• [GIVEN RECORDS]:
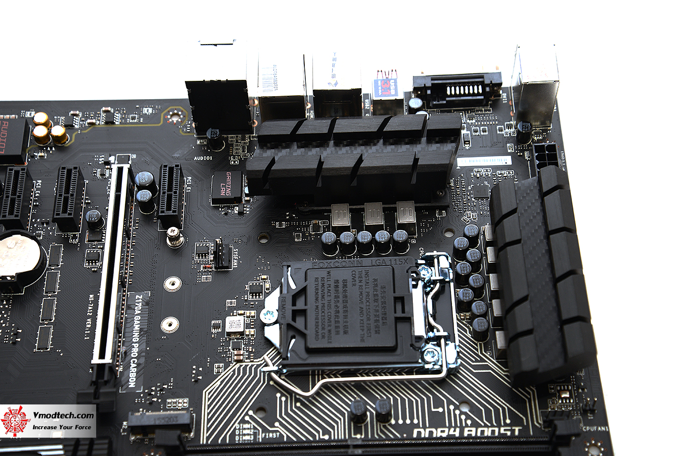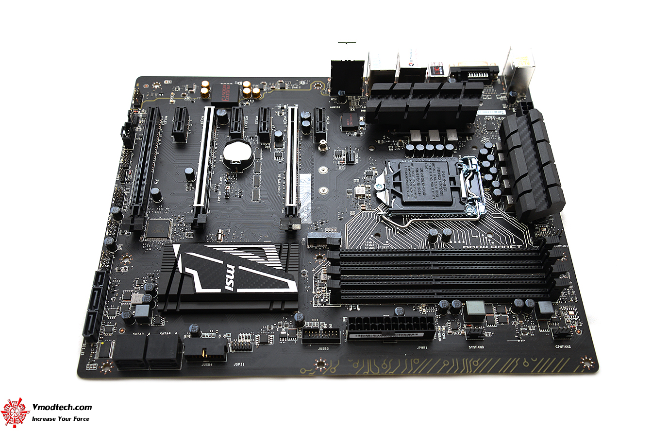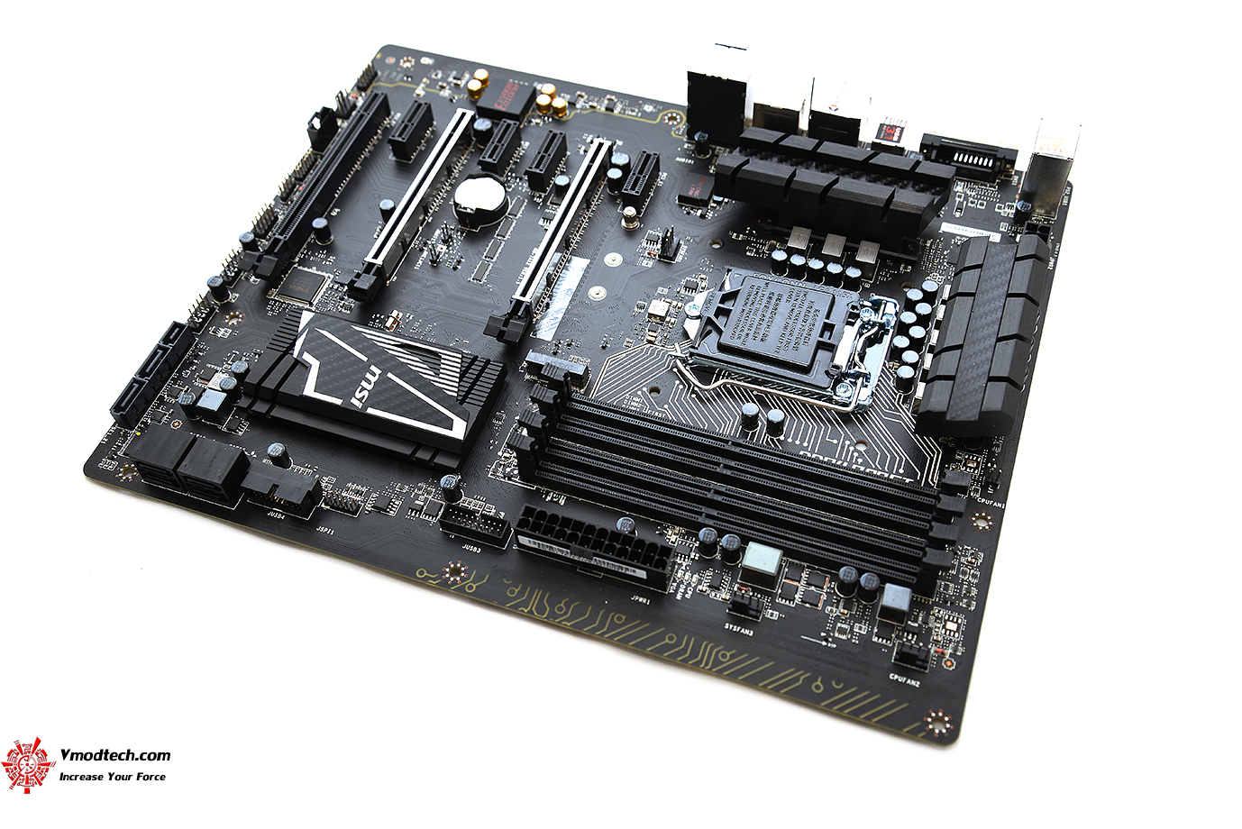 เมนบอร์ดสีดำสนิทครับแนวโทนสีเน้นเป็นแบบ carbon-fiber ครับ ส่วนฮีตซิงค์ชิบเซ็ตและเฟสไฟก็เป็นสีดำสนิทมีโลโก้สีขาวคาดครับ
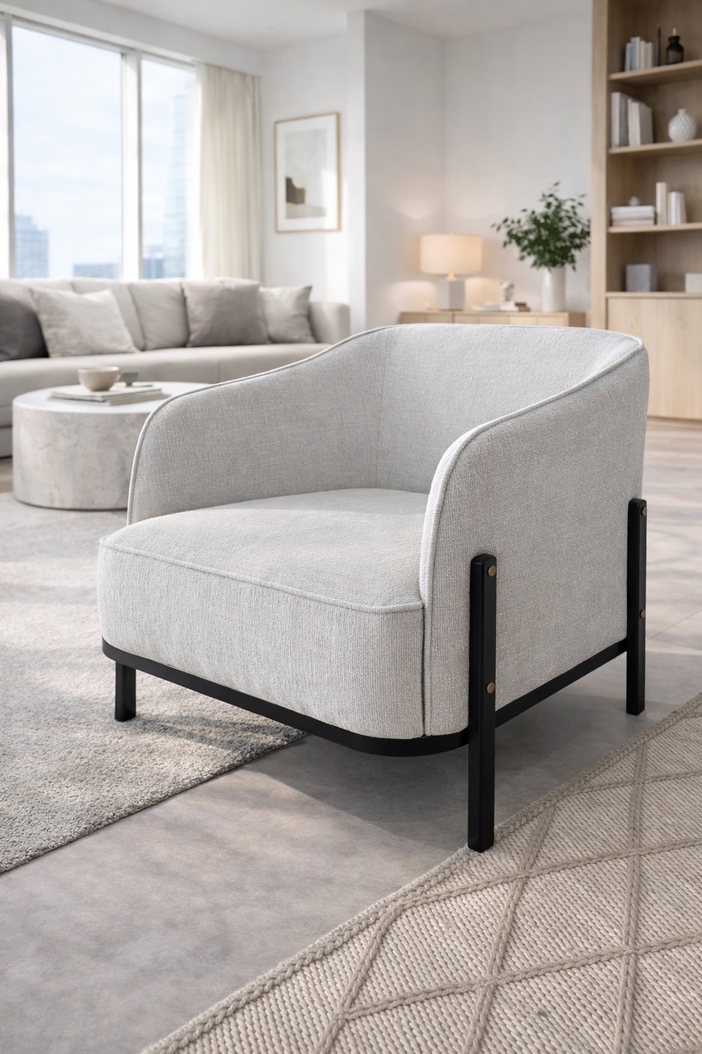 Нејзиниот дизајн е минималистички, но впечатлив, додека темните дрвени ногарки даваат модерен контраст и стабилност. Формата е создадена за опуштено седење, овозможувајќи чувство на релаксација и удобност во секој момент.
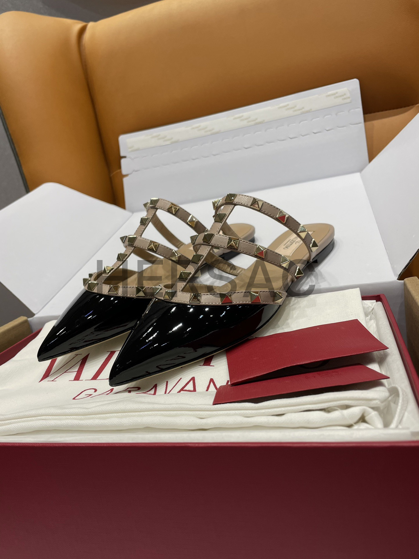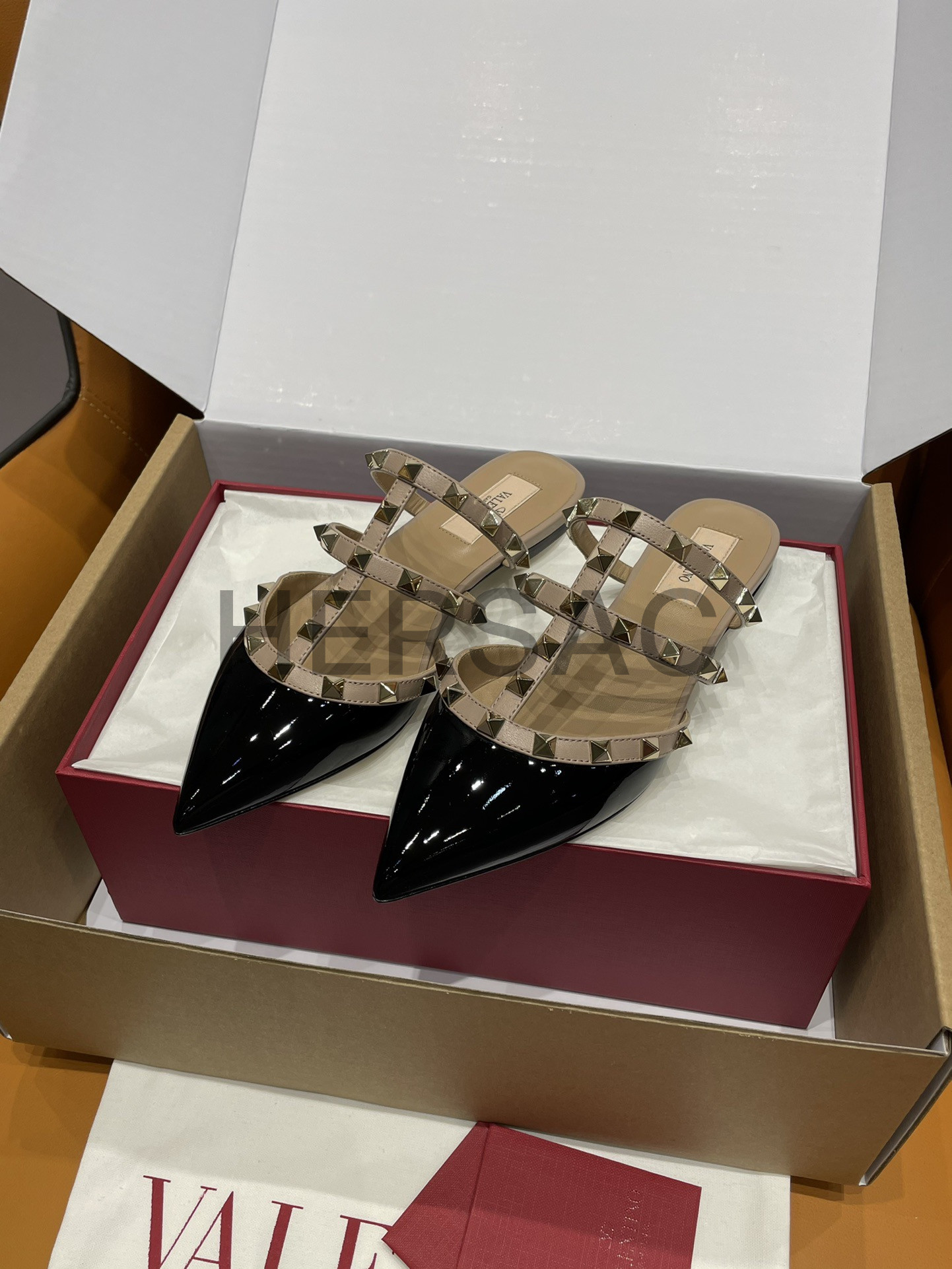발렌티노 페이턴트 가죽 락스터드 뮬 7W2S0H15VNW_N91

---

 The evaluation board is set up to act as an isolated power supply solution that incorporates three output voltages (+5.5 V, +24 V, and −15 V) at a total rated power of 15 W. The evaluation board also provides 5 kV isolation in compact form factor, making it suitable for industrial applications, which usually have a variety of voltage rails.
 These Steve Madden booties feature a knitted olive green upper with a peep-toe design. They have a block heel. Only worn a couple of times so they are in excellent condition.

--

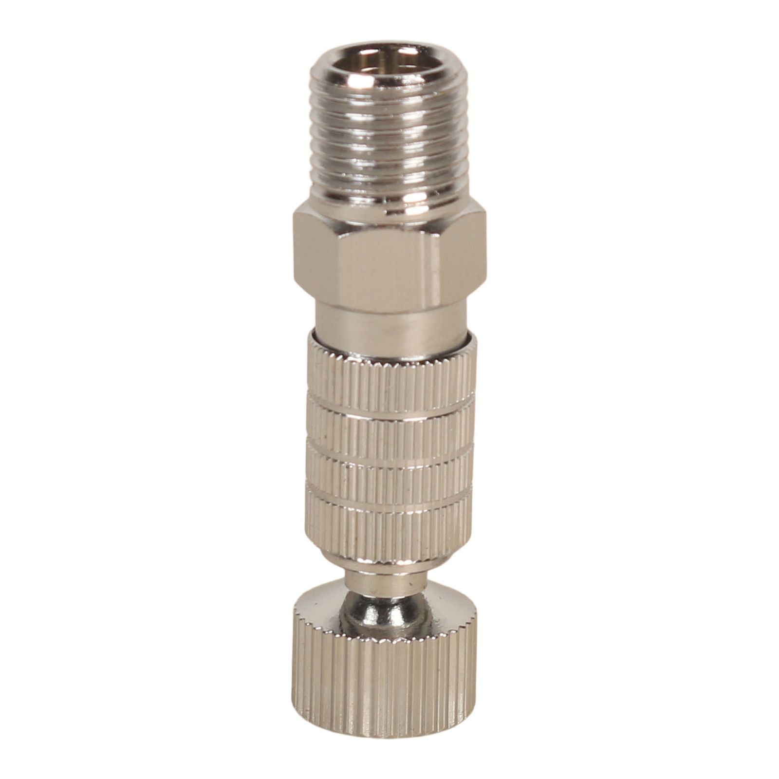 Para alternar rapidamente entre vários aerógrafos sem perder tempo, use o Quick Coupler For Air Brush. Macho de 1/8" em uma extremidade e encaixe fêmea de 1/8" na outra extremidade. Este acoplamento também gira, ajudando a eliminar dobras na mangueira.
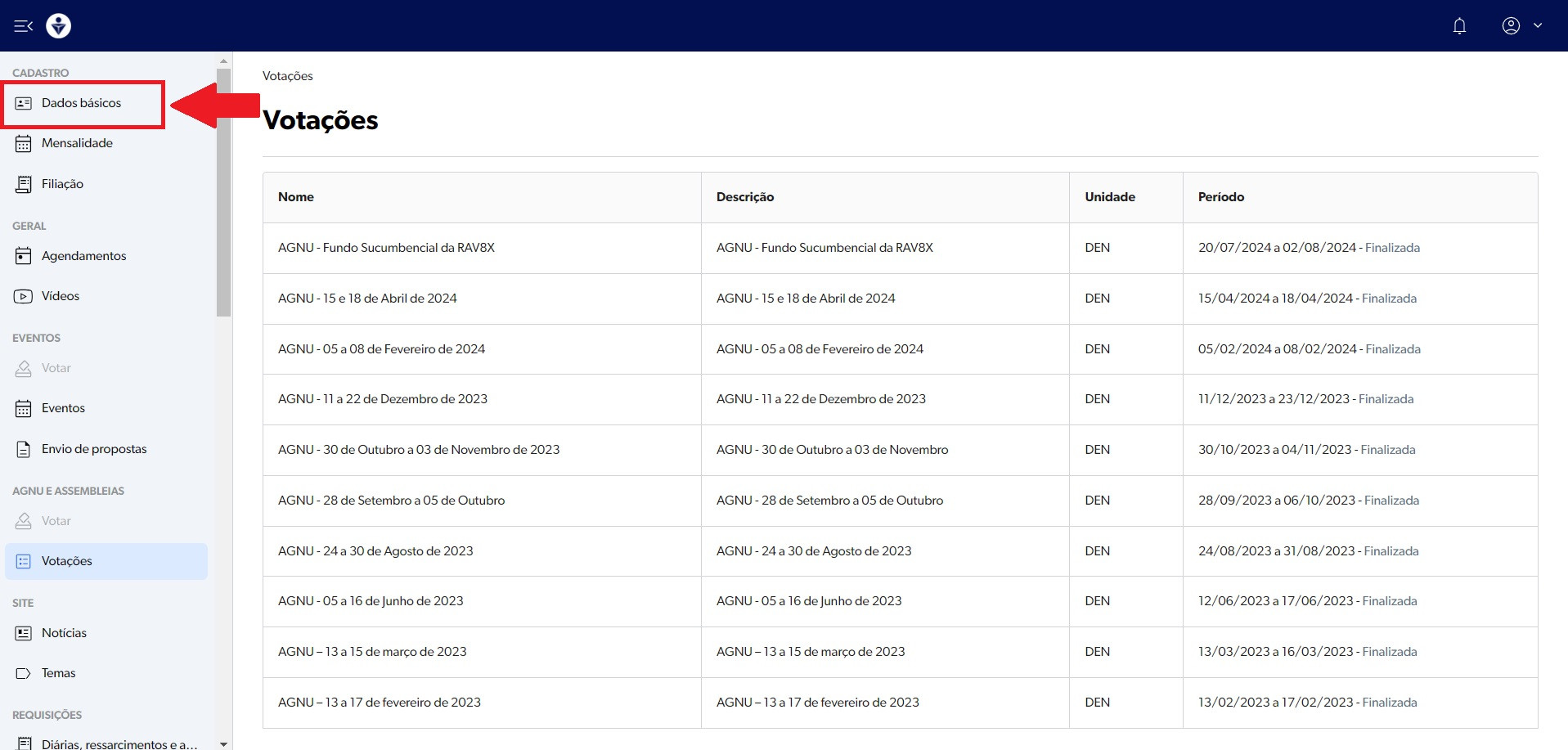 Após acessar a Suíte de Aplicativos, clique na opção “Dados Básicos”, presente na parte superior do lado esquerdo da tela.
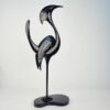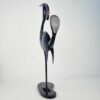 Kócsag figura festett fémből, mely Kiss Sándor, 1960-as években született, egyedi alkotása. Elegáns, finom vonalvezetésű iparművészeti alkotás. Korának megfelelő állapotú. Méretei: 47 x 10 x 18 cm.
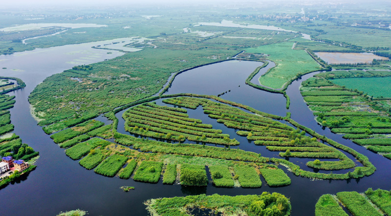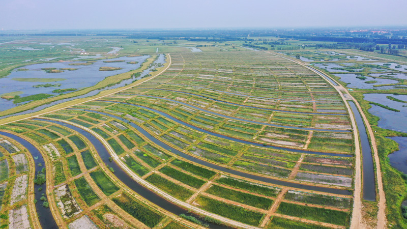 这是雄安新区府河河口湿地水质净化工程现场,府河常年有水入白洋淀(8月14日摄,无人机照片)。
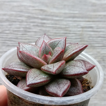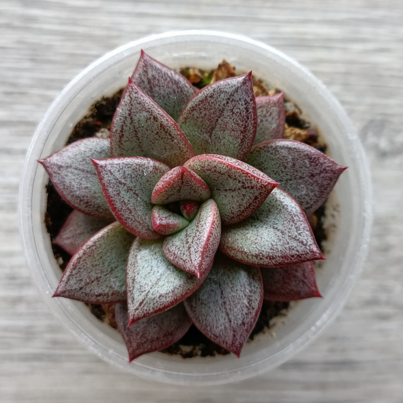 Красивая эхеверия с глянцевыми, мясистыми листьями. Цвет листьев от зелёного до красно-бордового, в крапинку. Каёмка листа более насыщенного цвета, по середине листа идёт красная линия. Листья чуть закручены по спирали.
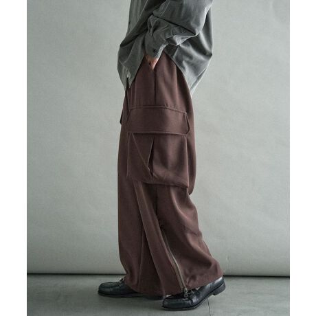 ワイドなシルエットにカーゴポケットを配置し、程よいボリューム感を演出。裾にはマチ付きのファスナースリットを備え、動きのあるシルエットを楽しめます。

• [WHAT THIS TASK INVOLVES]:
Given the listing above, retype only the span of lines from the line with "Нејзиниот дизајн е" up to and including the line with "발렌티노 페이턴트 가죽 락스터드 뮬 7W2S0H15VNW_N91", exactly as it stands and without pictures.

• [RESPONSE BOX]:
 Нејзиниот дизајн е минималистички, но впечатлив, додека темните дрвени ногарки даваат модерен контраст и стабилност. Формата е создадена за опуштено седење, овозможувајќи чувство на релаксација и удобност во секој момент.
발렌티노 페이턴트 가죽 락스터드 뮬 7W2S0H15VNW_N91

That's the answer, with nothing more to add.